The Ministry of Finance has announced major amendments to the VAT regulations in the UAE 2026. These changes were brought about by Federal Decree-Law No. 16 of 2025, which amended Federal Decree-Law No. 8 of 2017 on VAT. The MoF has also amended the Tax Procedures Law by issuing Federal Decree-Law No. 17 of 2025, which amends certain provisions of Federal Decree-Law No. 28 of 2022. These latest developments took effect on January 1st 2026. The latest amendments to the UAE VAT Law on e-invoicing have been introduced to ensure the UAE’s objectives of achieving compliance, improving interaction with the FTA, and increasing transparency are met.
The amended VAT regulations in the UAE in 2026 are as follows. Every business operating in the UAE should be aware of these VAT-related changes as they form a core part of the future rollout of e-invoicing regulations.
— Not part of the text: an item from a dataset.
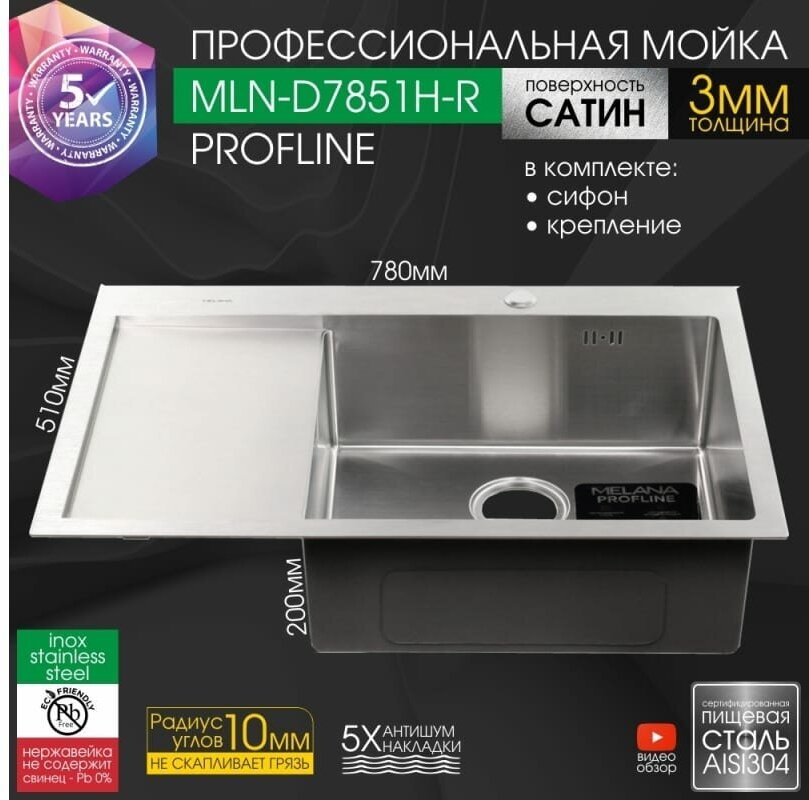 Мойка D7851H-R MELANA ProfLine 3,0/200 сатин врезная прямоугольная правая D7851H-R интересное:

Article 48, Clause 1 – Reverse Charge
Taxpayers are no longer required to issue self-tax invoices when importing goods or services required for their business. This has brought about a much-needed change that will lead to higher compliance and greater ease of doing business. It will eliminate the need to issue self-invoices, a tedious extra step, thereby improving administrative efficiency. Businesses are required to store supporting documents related to all their supply transactions. This amendment will ensure simpler auditing in the future.
Article 74, Clause 3 – Excess Recoverable Tax
The amended VAT regulation changes UAE 2026 include information on the VAT return balance (also called the excess recoverable tax). It states that businesses can carry forward the balance for up to 5 years, starting at the end of the tax period. Businesses must either submit a refund request or utilise the amount to offset VAT liabilities. Businesses must ensure this is done within five years of reconciliation.
If the business does not utilise the claim within the stipulated time, it will lose the right to claim, and the claim will automatically expire. This stipulation will bar the taxpayer from using the excess recoverable tax to obtain a refund or to offset VAT liabilities. Businesses must continually review and assess to ensure all excess recoverable input tax is claimed or used to prevent recoverable VAT loss.
The five-year time frame ensures businesses do not have a heap of old balances piling up. This helps businesses have sufficient time to claim their excess recoverable tax, thereby simplifying tax procedures. It also improves businesses' financial performance and aligns with regulations in other major parts of the world. Another benefit is that all taxpayers will be treated equally.
Additions to Article 54 - Recoverable Input Tax
The latest amendments to the UAE VAT law on e-invoicing include additional provisions to Article 54, as follows.
- If the tax authority finds that the supply is linked to tax evasion and the taxpayer was aware of the fact when claiming an input tax deduction, it will reject the claim instantly.
- The tax authority may reject input tax deductions if it finds that the taxpayer should have been aware of the tax evasion based on the supply situation.
- If the taxpayer does not verify, validate, or check the integrity of the received supplies but nonetheless claims the input tax, the authority will assume the taxpayer is aware of the tax evasion.
These additions are important improvements to the UAE VAT Law because they strengthen governance. They also imbibe the culture of shared responsibility and securing the revenue for the betterment of the economy. Tax evasion has been a serious issue. By adding these to the article, the FTA ensures that tax evasion is a practice of the past, with consequences if any party is found guilty.
Article 79 (Bis) – Statute of Limitations
This article has been removed, and any provisions that do not align with the UAE VAT law are considered invalid or inapplicable as of this point forward, per the Ministry of Finance.
The amendments to the VAT Law have been introduced to accommodate e-invoicing, which is expected to change the business landscape in the UAE. By amending these provisions, the UAE has ensured its readiness to adapt to changing times and its focus on a digitised economy. The UAE can better focus on improving governance and enforcing stringent rules against tax evaders through the new e-invoicing system and the amended VAT Laws. By ensuring the VAT Law takes effect months before the official roll-out of the phased implementation directive, the UAE is on the right track to improve businesses' understanding of the new changes.